YOUR INSTRUCTIONS -
Omit the pictures and return exactly the stretch of the material below from the line with "Lot of table" through the line with "Silver-tone stainless steel".

EXTRACTED DATA -
■ ■ ■ ■ ■
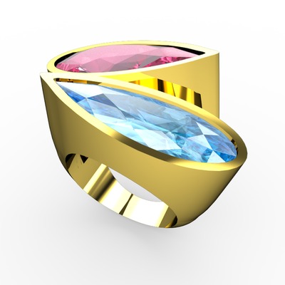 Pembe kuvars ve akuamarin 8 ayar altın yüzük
■ ■ ■ ■ ■
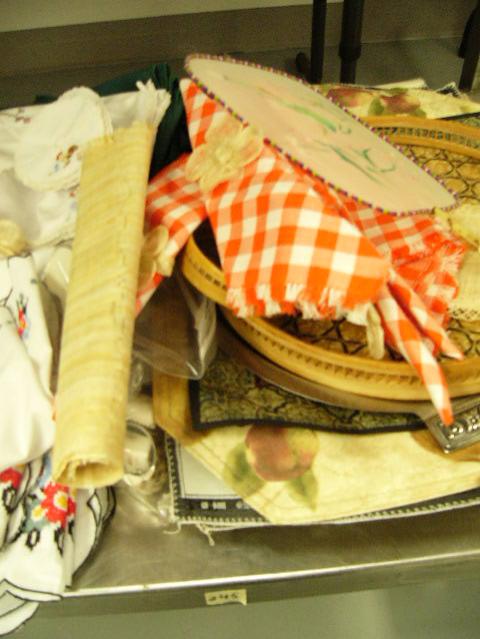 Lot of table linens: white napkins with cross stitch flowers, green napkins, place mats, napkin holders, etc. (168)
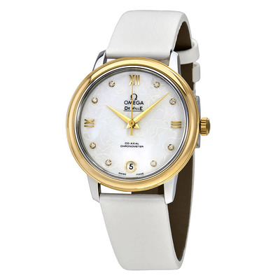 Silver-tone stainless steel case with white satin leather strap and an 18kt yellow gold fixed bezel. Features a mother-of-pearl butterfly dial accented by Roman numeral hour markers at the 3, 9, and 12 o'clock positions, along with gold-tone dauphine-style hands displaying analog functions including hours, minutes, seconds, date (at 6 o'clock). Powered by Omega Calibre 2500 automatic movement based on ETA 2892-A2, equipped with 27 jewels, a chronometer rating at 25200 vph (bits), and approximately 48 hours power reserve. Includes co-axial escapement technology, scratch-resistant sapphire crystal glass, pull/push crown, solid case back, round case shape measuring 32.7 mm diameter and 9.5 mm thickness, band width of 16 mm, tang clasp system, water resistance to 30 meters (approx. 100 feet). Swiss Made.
■ ■ ■ ■ ■
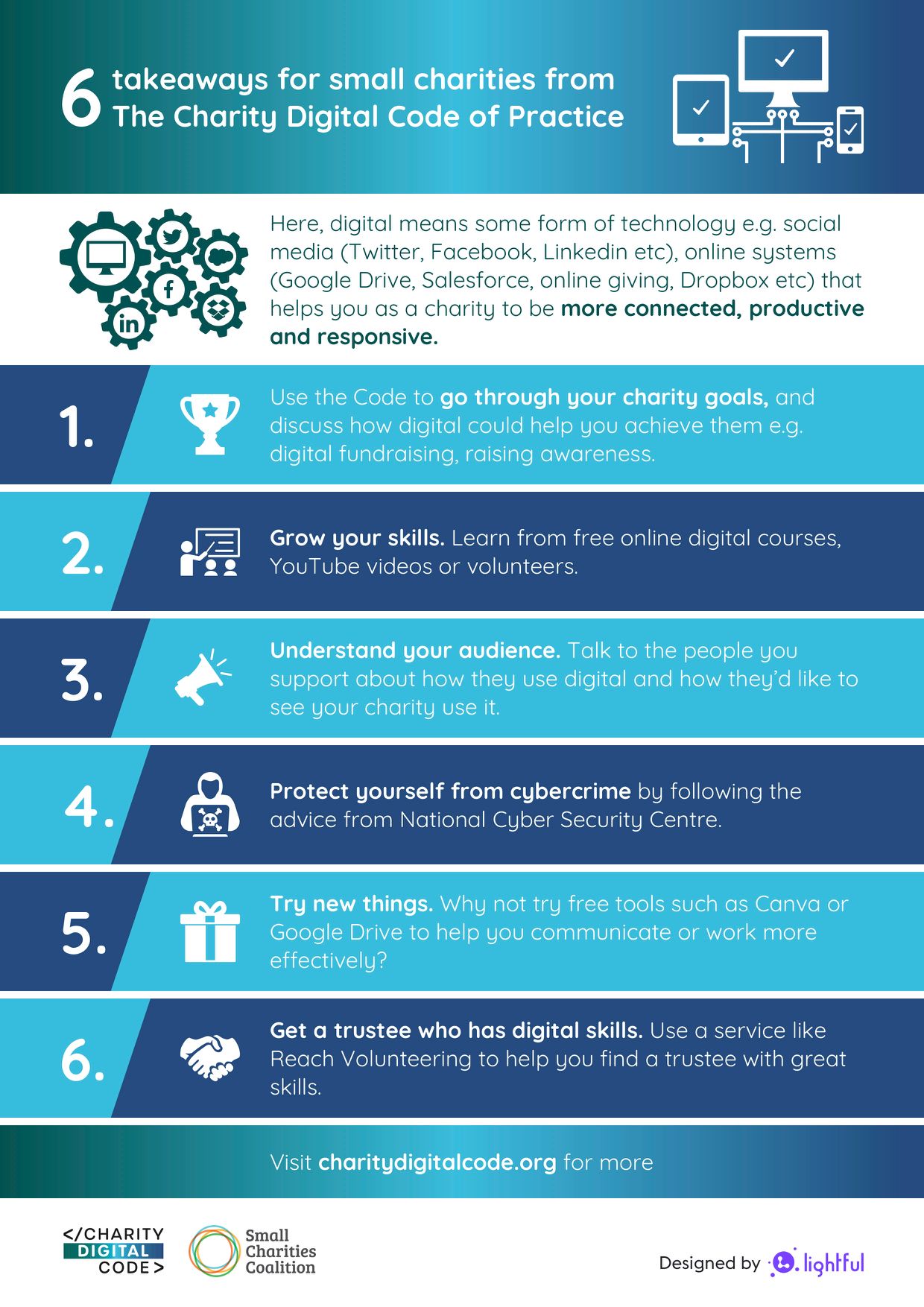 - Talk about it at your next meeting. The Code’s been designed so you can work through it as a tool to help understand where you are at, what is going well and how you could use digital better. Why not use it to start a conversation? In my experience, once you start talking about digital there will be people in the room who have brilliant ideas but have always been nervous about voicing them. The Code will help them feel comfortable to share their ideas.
■ ■ ■ ■ ■
SOLUTION -
 Lot of table linens: white napkins with cross stitch flowers, green napkins, place mats, napkin holders, etc. (168)
 Silver-tone stainless steel case with white satin leather strap and an 18kt yellow gold fixed bezel. Features a mother-of-pearl butterfly dial accented by Roman numeral hour markers at the 3, 9, and 12 o'clock positions, along with gold-tone dauphine-style hands displaying analog functions including hours, minutes, seconds, date (at 6 o'clock). Powered by Omega Calibre 2500 automatic movement based on ETA 2892-A2, equipped with 27 jewels, a chronometer rating at 25200 vph (bits), and approximately 48 hours power reserve. Includes co-axial escapement technology, scratch-resistant sapphire crystal glass, pull/push crown, solid case back, round case shape measuring 32.7 mm diameter and 9.5 mm thickness, band width of 16 mm, tang clasp system, water resistance to 30 meters (approx. 100 feet). Swiss Made.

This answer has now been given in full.